[[ EXTRACTED DATA, beginning ]]
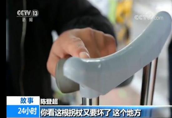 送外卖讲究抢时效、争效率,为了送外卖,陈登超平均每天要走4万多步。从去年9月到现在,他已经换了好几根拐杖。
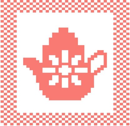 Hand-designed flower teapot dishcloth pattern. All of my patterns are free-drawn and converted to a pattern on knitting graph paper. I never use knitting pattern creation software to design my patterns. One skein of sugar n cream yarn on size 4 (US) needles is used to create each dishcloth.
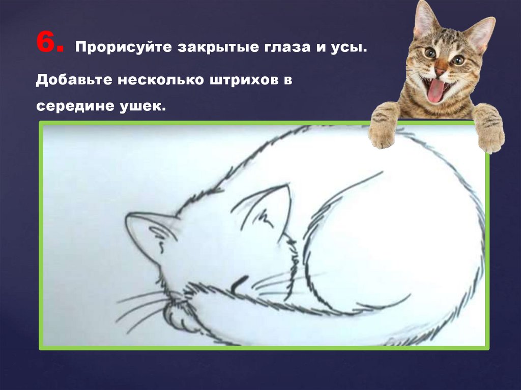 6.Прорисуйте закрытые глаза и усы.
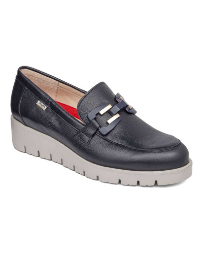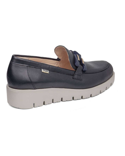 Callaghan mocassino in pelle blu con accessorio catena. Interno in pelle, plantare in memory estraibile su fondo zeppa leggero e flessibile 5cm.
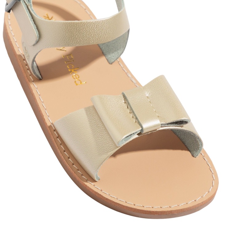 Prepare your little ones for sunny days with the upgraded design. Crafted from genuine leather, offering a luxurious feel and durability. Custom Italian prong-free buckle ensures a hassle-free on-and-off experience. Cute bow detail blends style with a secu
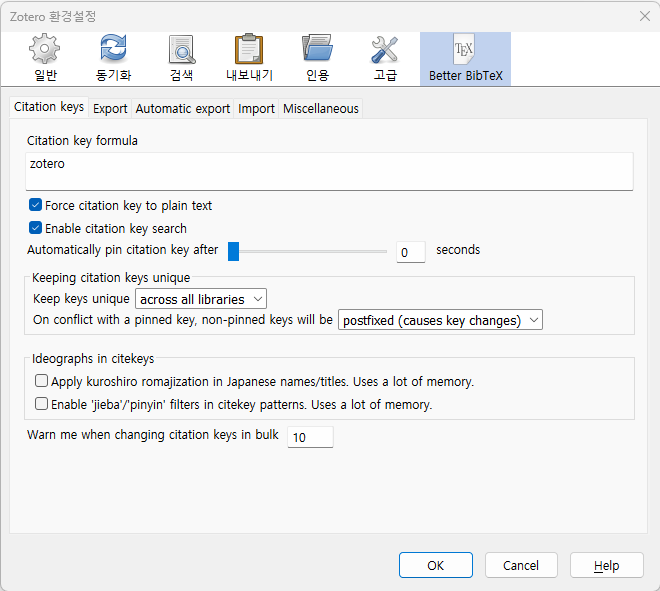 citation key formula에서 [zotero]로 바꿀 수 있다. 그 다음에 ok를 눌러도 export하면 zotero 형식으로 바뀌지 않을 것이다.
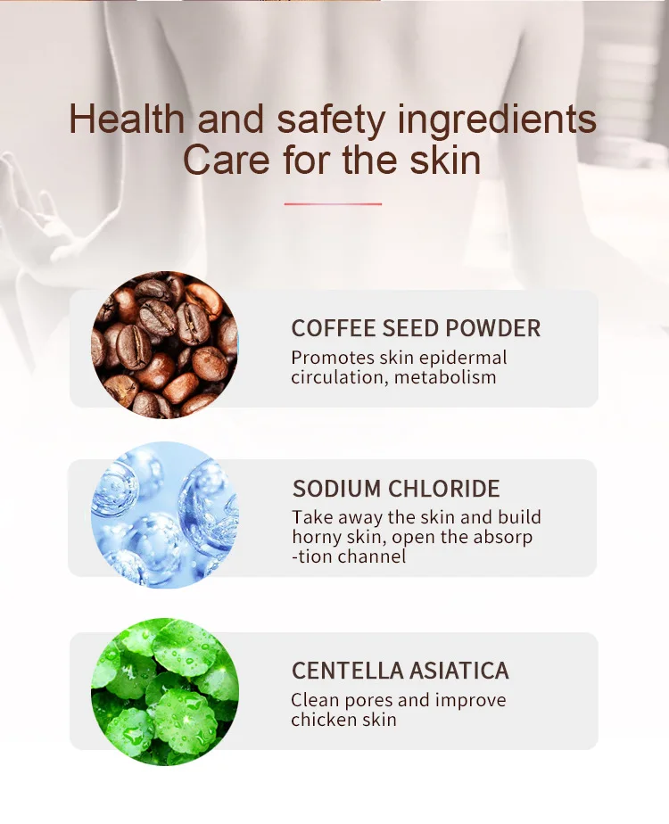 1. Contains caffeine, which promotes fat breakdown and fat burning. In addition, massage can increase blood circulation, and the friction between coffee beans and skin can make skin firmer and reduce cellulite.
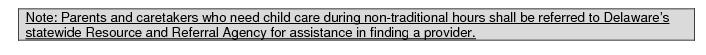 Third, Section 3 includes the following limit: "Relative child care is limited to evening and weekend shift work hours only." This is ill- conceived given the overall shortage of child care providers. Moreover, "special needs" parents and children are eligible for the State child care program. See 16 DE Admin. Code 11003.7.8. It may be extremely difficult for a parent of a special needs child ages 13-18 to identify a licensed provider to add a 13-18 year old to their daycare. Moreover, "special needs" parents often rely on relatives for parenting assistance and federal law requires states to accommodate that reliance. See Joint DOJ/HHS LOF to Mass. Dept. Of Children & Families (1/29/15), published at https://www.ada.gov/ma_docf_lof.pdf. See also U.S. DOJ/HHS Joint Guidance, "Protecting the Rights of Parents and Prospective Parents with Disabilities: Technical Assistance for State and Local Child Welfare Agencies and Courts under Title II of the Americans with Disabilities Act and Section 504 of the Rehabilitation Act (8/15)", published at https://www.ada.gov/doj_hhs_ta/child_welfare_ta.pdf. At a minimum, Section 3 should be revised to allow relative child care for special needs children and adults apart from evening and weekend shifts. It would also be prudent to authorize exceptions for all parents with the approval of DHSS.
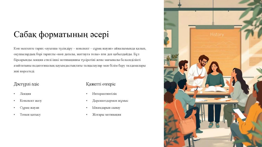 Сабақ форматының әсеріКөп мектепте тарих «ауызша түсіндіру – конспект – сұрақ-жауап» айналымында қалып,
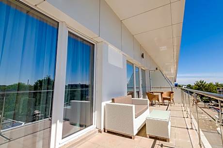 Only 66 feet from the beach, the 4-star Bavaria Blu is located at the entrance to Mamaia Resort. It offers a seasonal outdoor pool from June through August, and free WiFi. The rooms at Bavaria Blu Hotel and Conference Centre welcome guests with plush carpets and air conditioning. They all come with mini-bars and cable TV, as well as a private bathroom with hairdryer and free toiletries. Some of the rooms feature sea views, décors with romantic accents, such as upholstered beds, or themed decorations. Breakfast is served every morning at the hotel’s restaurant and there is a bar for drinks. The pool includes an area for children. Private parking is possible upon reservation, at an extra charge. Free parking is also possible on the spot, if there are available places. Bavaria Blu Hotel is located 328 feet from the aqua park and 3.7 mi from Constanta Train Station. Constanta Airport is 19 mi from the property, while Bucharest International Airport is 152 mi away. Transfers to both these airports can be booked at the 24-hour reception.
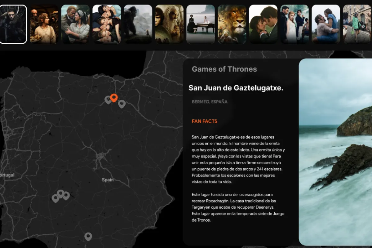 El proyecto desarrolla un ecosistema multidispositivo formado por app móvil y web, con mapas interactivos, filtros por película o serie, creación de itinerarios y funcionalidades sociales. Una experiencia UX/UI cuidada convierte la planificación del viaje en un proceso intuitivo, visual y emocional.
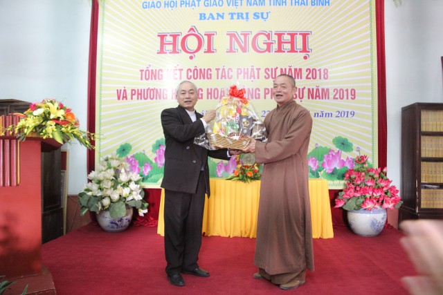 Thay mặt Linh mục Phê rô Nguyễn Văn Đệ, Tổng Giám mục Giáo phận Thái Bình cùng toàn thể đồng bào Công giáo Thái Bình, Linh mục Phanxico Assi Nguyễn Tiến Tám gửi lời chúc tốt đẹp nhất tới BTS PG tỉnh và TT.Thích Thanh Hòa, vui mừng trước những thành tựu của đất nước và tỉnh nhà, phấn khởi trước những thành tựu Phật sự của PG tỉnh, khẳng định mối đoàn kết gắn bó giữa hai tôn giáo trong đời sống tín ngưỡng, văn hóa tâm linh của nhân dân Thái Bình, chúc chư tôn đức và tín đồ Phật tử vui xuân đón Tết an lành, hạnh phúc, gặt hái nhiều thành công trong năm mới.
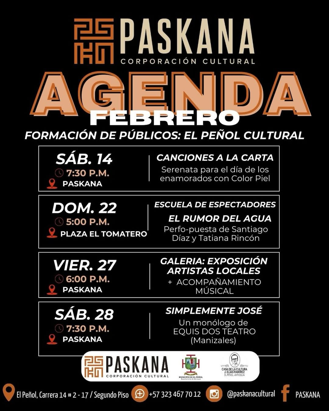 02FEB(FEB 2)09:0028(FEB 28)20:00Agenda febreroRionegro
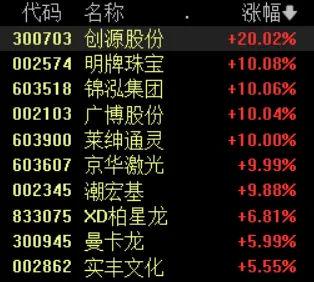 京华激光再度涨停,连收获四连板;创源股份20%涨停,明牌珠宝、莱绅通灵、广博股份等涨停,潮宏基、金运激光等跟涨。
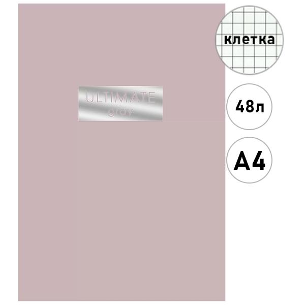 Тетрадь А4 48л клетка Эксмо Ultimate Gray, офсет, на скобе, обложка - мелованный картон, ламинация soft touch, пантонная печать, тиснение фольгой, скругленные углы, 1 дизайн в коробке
[[ EXTRACTED DATA, end ]]
▶ **REQUIREMENT**
Reproduce every record above exactly, but leave out the pictures.

▶ **OUTPUT FOR THIS TASK**
 送外卖讲究抢时效、争效率,为了送外卖,陈登超平均每天要走4万多步。从去年9月到现在,他已经换了好几根拐杖。
 Hand-designed flower teapot dishcloth pattern. All of my patterns are free-drawn and converted to a pattern on knitting graph paper. I never use knitting pattern creation software to design my patterns. One skein of sugar n cream yarn on size 4 (US) needles is used to create each dishcloth.
 6.Прорисуйте закрытые глаза и усы.
 Callaghan mocassino in pelle blu con accessorio catena. Interno in pelle, plantare in memory estraibile su fondo zeppa leggero e flessibile 5cm.
 Prepare your little ones for sunny days with the upgraded design. Crafted from genuine leather, offering a luxurious feel and durability. Custom Italian prong-free buckle ensures a hassle-free on-and-off experience. Cute bow detail blends style with a secu
 citation key formula에서 [zotero]로 바꿀 수 있다. 그 다음에 ok를 눌러도 export하면 zotero 형식으로 바뀌지 않을 것이다.
 1. Contains caffeine, which promotes fat breakdown and fat burning. In addition, massage can increase blood circulation, and the friction between coffee beans and skin can make skin firmer and reduce cellulite.
 Third, Section 3 includes the following limit: "Relative child care is limited to evening and weekend shift work hours only." This is ill- conceived given the overall shortage of child care providers. Moreover, "special needs" parents and children are eligible for the State child care program. See 16 DE Admin. Code 11003.7.8. It may be extremely difficult for a parent of a special needs child ages 13-18 to identify a licensed provider to add a 13-18 year old to their daycare. Moreover, "special needs" parents often rely on relatives for parenting assistance and federal law requires states to accommodate that reliance. See Joint DOJ/HHS LOF to Mass. Dept. Of Children & Families (1/29/15), published at https://www.ada.gov/ma_docf_lof.pdf. See also U.S. DOJ/HHS Joint Guidance, "Protecting the Rights of Parents and Prospective Parents with Disabilities: Technical Assistance for State and Local Child Welfare Agencies and Courts under Title II of the Americans with Disabilities Act and Section 504 of the Rehabilitation Act (8/15)", published at https://www.ada.gov/doj_hhs_ta/child_welfare_ta.pdf. At a minimum, Section 3 should be revised to allow relative child care for special needs children and adults apart from evening and weekend shifts. It would also be prudent to authorize exceptions for all parents with the approval of DHSS.
 Сабақ форматының әсеріКөп мектепте тарих «ауызша түсіндіру – конспект – сұрақ-жауап» айналымында қалып,
 Only 66 feet from the beach, the 4-star Bavaria Blu is located at the entrance to Mamaia Resort. It offers a seasonal outdoor pool from June through August, and free WiFi. The rooms at Bavaria Blu Hotel and Conference Centre welcome guests with plush carpets and air conditioning. They all come with mini-bars and cable TV, as well as a private bathroom with hairdryer and free toiletries. Some of the rooms feature sea views, décors with romantic accents, such as upholstered beds, or themed decorations. Breakfast is served every morning at the hotel’s restaurant and there is a bar for drinks. The pool includes an area for children. Private parking is possible upon reservation, at an extra charge. Free parking is also possible on the spot, if there are available places. Bavaria Blu Hotel is located 328 feet from the aqua park and 3.7 mi from Constanta Train Station. Constanta Airport is 19 mi from the property, while Bucharest International Airport is 152 mi away. Transfers to both these airports can be booked at the 24-hour reception.
 El proyecto desarrolla un ecosistema multidispositivo formado por app móvil y web, con mapas interactivos, filtros por película o serie, creación de itinerarios y funcionalidades sociales. Una experiencia UX/UI cuidada convierte la planificación del viaje en un proceso intuitivo, visual y emocional.
 Thay mặt Linh mục Phê rô Nguyễn Văn Đệ, Tổng Giám mục Giáo phận Thái Bình cùng toàn thể đồng bào Công giáo Thái Bình, Linh mục Phanxico Assi Nguyễn Tiến Tám gửi lời chúc tốt đẹp nhất tới BTS PG tỉnh và TT.Thích Thanh Hòa, vui mừng trước những thành tựu của đất nước và tỉnh nhà, phấn khởi trước những thành tựu Phật sự của PG tỉnh, khẳng định mối đoàn kết gắn bó giữa hai tôn giáo trong đời sống tín ngưỡng, văn hóa tâm linh của nhân dân Thái Bình, chúc chư tôn đức và tín đồ Phật tử vui xuân đón Tết an lành, hạnh phúc, gặt hái nhiều thành công trong năm mới.
 02FEB(FEB 2)09:0028(FEB 28)20:00Agenda febreroRionegro
 京华激光再度涨停,连收获四连板;创源股份20%涨停,明牌珠宝、莱绅通灵、广博股份等涨停,潮宏基、金运激光等跟涨。
 Тетрадь А4 48л клетка Эксмо Ultimate Gray, офсет, на скобе, обложка - мелованный картон, ламинация soft touch, пантонная печать, тиснение фольгой, скругленные углы, 1 дизайн в коробке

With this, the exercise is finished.